Surpassing the 2.62 million vehicles the company sold last year in the U.S. — its biggest market — would be difficult, executive vice-president Tokuichi Uranishi told a shareholders meeting Tuesday, according to Toyota spokesman Paul Nolasco.
Toyota said in December that it was hoping to sell 2.64 million vehicles in America in 2008 and predicted a five per cent jump in global sales to 9.85 million because of strong sales in emerging markets such as China and Russia.
Toyota Motor Corp. will review its sales targets in July, as it does every year.
Through the first half of June, total auto sales in the U.S. were running at an annualized rate of about 12.5 million, according to J.D. Power & Associates. It was the lowest level in decades and a huge drop from the year-earlier annualized rate of 16.3 million vehicles.
Uranishi projected that total U.S. auto sales could slip under 15 million this year, Nolasco said.
Last week, Ford Motor Co. said industrywide sales could drop as low as 14.4 million for the year, which would be the lowest in 13 years, according to Ward's AutoInfoBank.
With buyers fleeing to smaller, more fuel-efficient cars, demand has soared for Toyota's gasoline-electric hybrid models. Still, their popularity has been unable to fully insulate the Japanese carmaker from a drop-off in sales of larger vehicles.
Toyota announced recently a slowdown in production of large pickup trucks and sport utility vehicles at plants in Texas and Indiana.
The shift in consumer preference has hit Toyota's American-based rivals especially hard.

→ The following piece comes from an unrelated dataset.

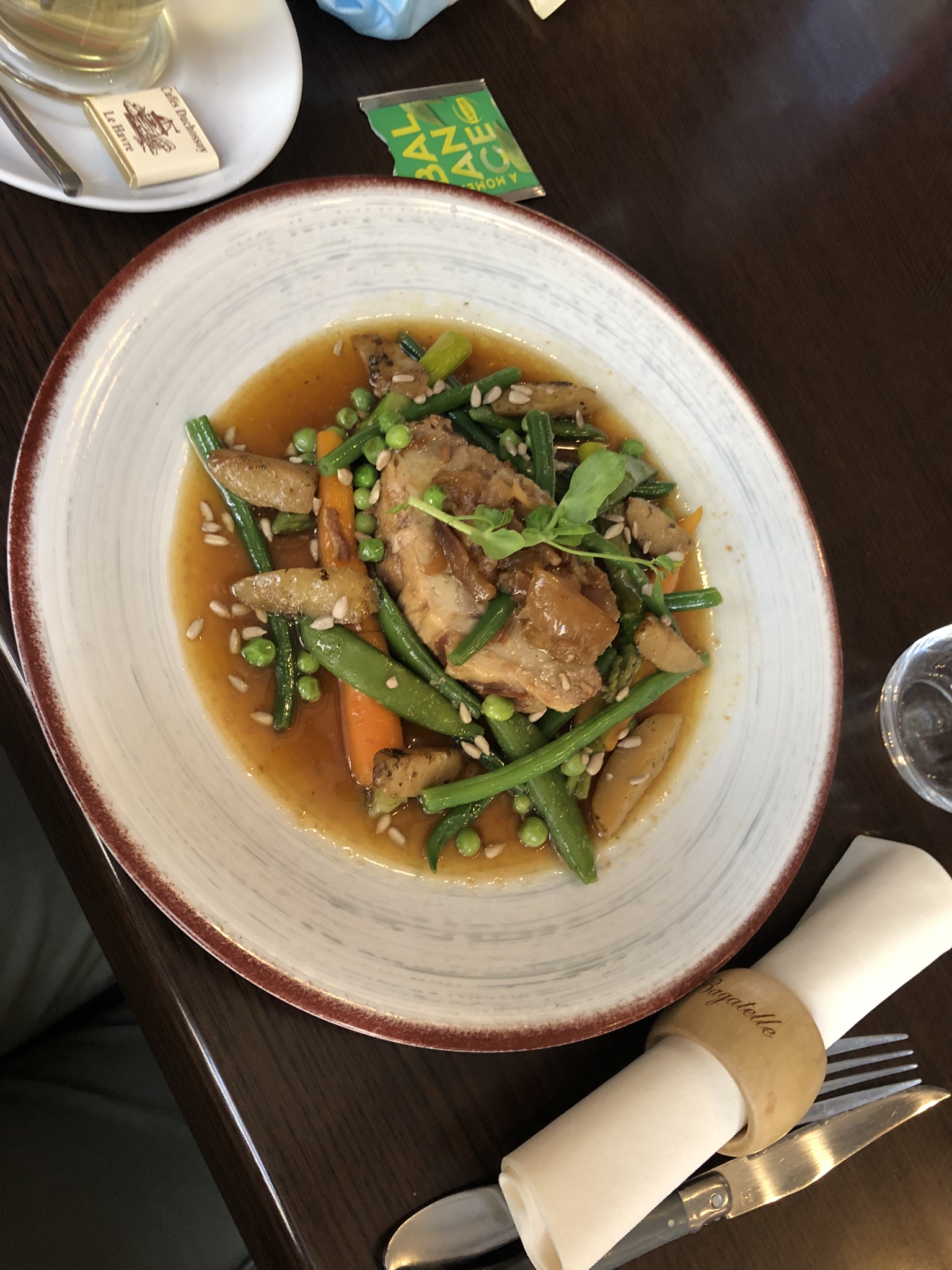 Je suis allée à Bagatelle il y a une ou deux semaines, sans savoir que le propriétaire avait changé. D’abord échaudée par les prix (entrecôte à 29€ 😬), je me suis laissé tenter et bien que cher, je n’ai pas regretté mon choix. J’y suis retournée ce midi avec mon père et mes enfants, en leur vantant l’entrecôte. Erreur, celle de mon père comptait une bonne moitié de gras. Ne voulant pas déranger, il n’a rien dit pendant le repas. Au moment de débarrasser, je l’ai signalé à la serveuse qui a pu constater l’assiette pleine de gras. Pas un mot si ce n’est « ça arrive ». Au moment de l’addition, j’ai demandé un geste commercial. La serveuse a royalement offert deux cafés (4€). J’ai insisté pour qu’elle fasse une réduction sur l’entrecôte pleine de gras. Non. C’est donc la loterie et quand on perd, on perd! Pas sûre de rejouer…

General Motors Corp. said Monday that it would further cut SUV and pickup-truck production, on top of its announcement earlier this month that it will close four North American plants by 2010, including one in Oshawa, Ont.
GM also plans to offer zero-interest financing to clear out inventories of some 2008 pickups and SUVs.
Ford announced cuts Friday at seven pickup truck and SUV factories for the remainder of the year. It now plans to produce 475,000 vehicles in the third quarter, 25 per cent fewer than in the same period last year.